We used baseline GRID-HAMD score, treatment condition and BDI-II and Suicidal SIQ-Jr scores at 16 weeks as predictors in the imputation model for GRID-HAMD scores on theoretical grounds (48). We examined both individual items and scale scores from other measures, including measures completed by the parents, to select auxiliary predictors for each GRID-HAMD item, as well as for the BDI-II and SIQ-Jr scores at 16 weeks (53). Predictors for imputing any missing values in these predictor variables themselves were selected using the ‘quickpred’ function of the mice package (51). We used the ‘midastouch’ version of predictive mean matching as the imputation method, which has better performance in small sample contexts (56). We imputed 40 datasets, using 50 iterations of the algorithm. Convergence of the imputation algorithm was assessed by visual inspection of traceplots and found to be satisfactory(48)

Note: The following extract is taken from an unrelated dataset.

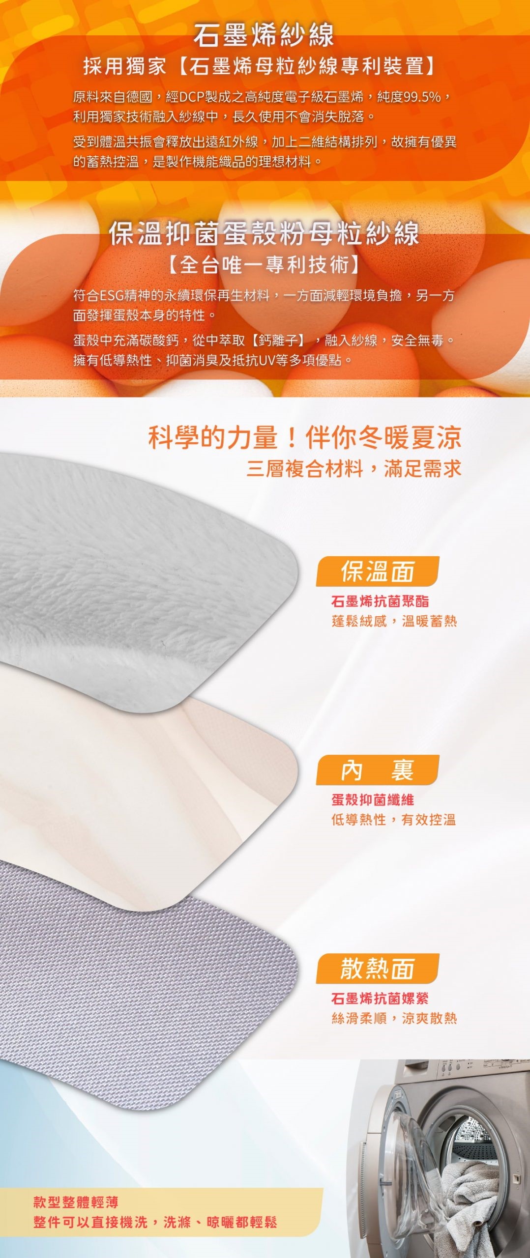 3.一件兩用,A面蓄熱保暖,B面清涼透氣,保溫棉層專利使用蛋殼抑菌纖維加倍防護。

Data were analysed by intent-to-treat (ITT) principles. The primary hypothesis was tested with Fisher’s Exact Test. Linear mixed models were fitted to test whether treatment condition was significantly related to change in scores over time on the primary and secondary outcome variables. For primary outcome measured by GRID-HAMD, which had only two timepoints for the observations, we fitted the model to all the imputed datasets and then pooled the resulting estimates. Pooled estimates according to Rubins rules are reported (48). BDI-II had 55% missing across eight timepoints, primary outcomes with multiple observations were analyzed in a mixed modeling framework, handling missing observations using maximum likelihood estimation (49). Variable selection for multilevel analyses was implemented to minimize the information criteria (IC). Since a group mean can conceal changes at an individual level, a Brinley plot (57) was used to visualize within-subjects effects, from pre- to post-treatment score (Figure 2). The Brinley plot is based on the multiply imputed data set, and the uncertainty of the imputed scores is visualized in the plot.
Analyses were conducted using R (version 3.5.1) and the package lme4 (version 1.1-17) (50, 58) and an alpha level of 0.05.